Patriot Prayer, the rightwing protest group that planned to rally in San Francisco on Saturday, has cancelled its event, citing safety concerns and a “smear campaign” by elected officials who called them “white supremacists”.

The group said it still intended to attend a rally on Sunday in nearby Berkeley, which has seen a number of violent standoffs between rightwing protesters and anti-fascist activists this year.

“We’re going to put our effort and resources into Berkeley,” Patriot Prayer organizer Joey Gibson said in a Facebook Live broadcast. “Berkeley is a better situation because we don’t feel that we’re walking into a trap.”

However, shortly after, the organizer of the Berkeley rally released a statement urging people not to come to her “No to Marxism in America” rally. Andrea Cummings said she was concerned for the safety of the people who might come to the event.

Thousands of San Franciscans were planning to mount counter-protests against the rightwing event, with residents planning to dance, march, rally, and boat in defiance of rightwing extremism. Several hundred people even announced a plan to allow their dogs to poo on the protest site in advance of the event.

The group’s intention to hold an event in the notoriously liberal San Francisco provoked considerable concern from the city’s elected officials, police, and residents, especially in the wake of the deadly white supremacist rally in Charlottesville.

A dog defecates at Crissy Field, the site of the now-cancelled rally.
A dog defecates at Crissy Field, the site of the now-cancelled rally. The group will go ahead with a rally planned for Sunday in Berkeley, California.
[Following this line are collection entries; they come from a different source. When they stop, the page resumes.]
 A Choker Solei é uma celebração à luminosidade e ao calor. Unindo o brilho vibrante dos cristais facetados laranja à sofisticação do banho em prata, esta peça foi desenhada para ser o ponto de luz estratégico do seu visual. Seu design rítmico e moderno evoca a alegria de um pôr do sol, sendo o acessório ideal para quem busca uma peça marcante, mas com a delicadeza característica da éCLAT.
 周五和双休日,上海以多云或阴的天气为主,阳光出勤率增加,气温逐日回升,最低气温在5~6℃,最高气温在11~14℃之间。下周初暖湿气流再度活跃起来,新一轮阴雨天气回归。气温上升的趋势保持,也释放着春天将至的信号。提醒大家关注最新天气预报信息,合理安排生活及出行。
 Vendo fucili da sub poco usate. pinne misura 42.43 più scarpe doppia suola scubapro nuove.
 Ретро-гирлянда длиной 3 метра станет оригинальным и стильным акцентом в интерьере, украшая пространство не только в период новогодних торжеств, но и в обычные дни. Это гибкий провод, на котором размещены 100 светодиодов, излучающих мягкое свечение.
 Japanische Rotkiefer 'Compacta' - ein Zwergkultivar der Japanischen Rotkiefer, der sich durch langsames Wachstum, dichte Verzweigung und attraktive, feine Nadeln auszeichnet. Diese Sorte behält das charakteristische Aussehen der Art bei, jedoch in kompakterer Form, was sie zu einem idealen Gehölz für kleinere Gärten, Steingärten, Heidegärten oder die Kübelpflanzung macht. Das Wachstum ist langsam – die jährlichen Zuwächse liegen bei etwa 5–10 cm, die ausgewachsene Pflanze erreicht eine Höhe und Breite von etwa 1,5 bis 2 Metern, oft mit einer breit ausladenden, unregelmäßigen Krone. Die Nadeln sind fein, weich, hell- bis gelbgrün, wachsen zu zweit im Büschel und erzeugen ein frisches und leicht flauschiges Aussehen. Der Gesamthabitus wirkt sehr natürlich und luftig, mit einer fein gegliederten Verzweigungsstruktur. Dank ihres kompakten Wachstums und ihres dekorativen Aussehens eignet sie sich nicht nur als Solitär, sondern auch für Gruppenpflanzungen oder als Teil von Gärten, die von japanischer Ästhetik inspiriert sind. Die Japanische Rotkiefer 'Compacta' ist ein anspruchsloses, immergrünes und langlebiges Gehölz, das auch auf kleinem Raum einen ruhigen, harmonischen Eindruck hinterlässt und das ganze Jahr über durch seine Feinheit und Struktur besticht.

Photograph: Stephen Lam/Reuters

Though Gibson has denounced white supremacy and neo-Nazis, Patriot Prayer events in the Pacific north-west have been attended by members of white nationalist groups and often devolved into violent street-fighting.
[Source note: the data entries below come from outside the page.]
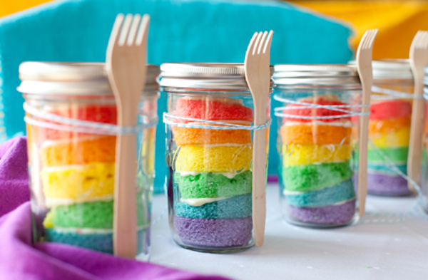 La tarta de la imagen está forrada con fondant blanco, pero si no os animáis podéis usar nata o frosting, el detalle bonito son los corazones de fondant de colores y para hacerlos sólo tenéis que estirar fondant de diferentes colores y cortar corazones con un cortante de galletas, todos del mismo tamaño. Luego los vais pegando alrededor de la tarta en fila, alternando los colores.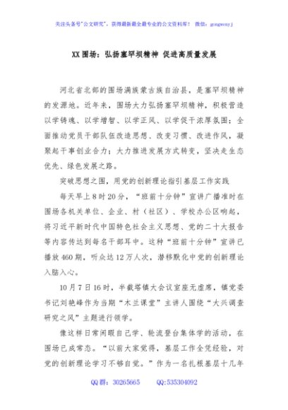 / XX围场:弘扬塞罕坝精神 促进高质量发展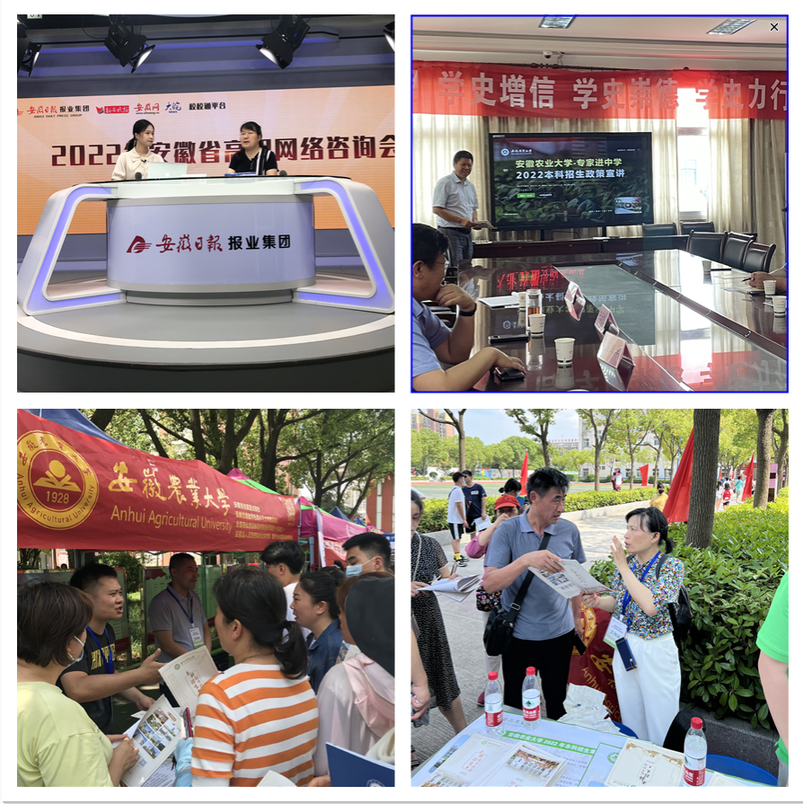 学校充分利用 6月24日—30日高考志愿填报黄金时期,培训选派全校招生骨干教师合计16组40余人参加全省90余所省级示范中学高招咨询会。在各咨询会现场,宣传队工作人员不辞辛劳,顶高温,冒酷暑,热情、耐心地解答现场考生和家长关注的热点问题。学校还积极利用各类公共媒体开展招生宣传,先后参加中央广播电视总台农业农村节目中心“2022年高考报考(农科)专业指南”融媒体直播,安徽省考试院大型直播咨询会、安徽日报高招咨询会、中安在线高考直通车、市场星报高招直播咨询等电视、网络直播咨询会,向广大考生及家长详细解读了我校的各项招生政策,帮助考生、家长更为合理的填报志愿,进一步提升了我校吸引力和社会知名度。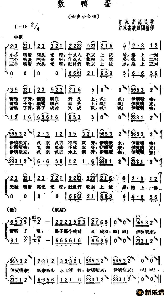 演唱的数鸭蛋(江苏高邮民歌)歌词,数鸭蛋(江苏高邮民歌)简谱.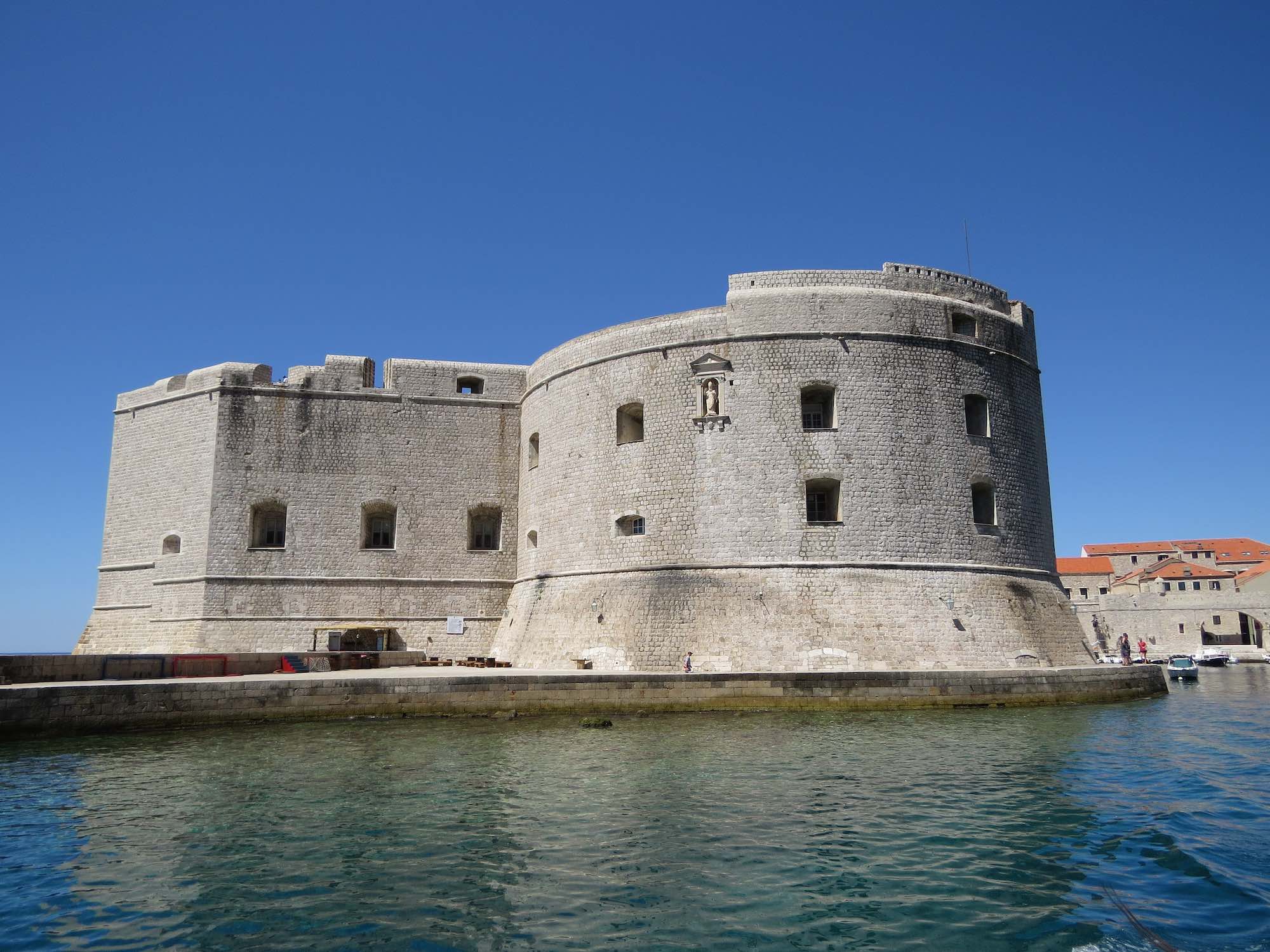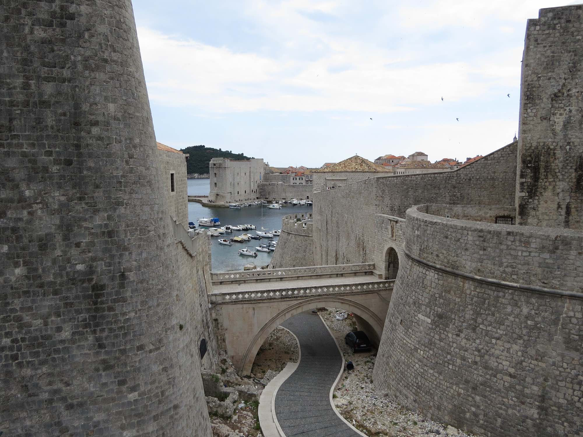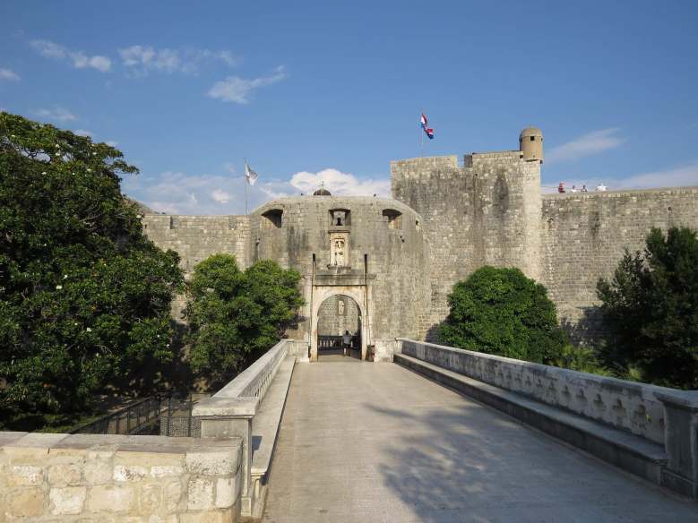 Beim Ploce-Tor gibt es das Fort Revelin, das außerhalb der Stadtmauer ist und über eine Brücke mit der Stadtmauer verbunden ist. Im nachfolgenden Bild gehört die Mauer links im Bild zum Fort Revelin.

Elected officials, including House minority leader and San Francisco congressional representative Nancy Pelosi and mayor Ed Lee, unsuccessfully pressured the National Park Service to deny the group a permit for the rally. Pelosi called the group “white supremacist”.

Such characterizations amounted to a “smear campaign”, the organizers said.

“Intermingling of protesters and rally-goers would be a horrible horrible idea,” said Patriot Prayer member Gabriel Silva. “It would lead to nothing but casualties.”

“In our opinion,” said Gibson, “it seems like it would have been a huge riot.”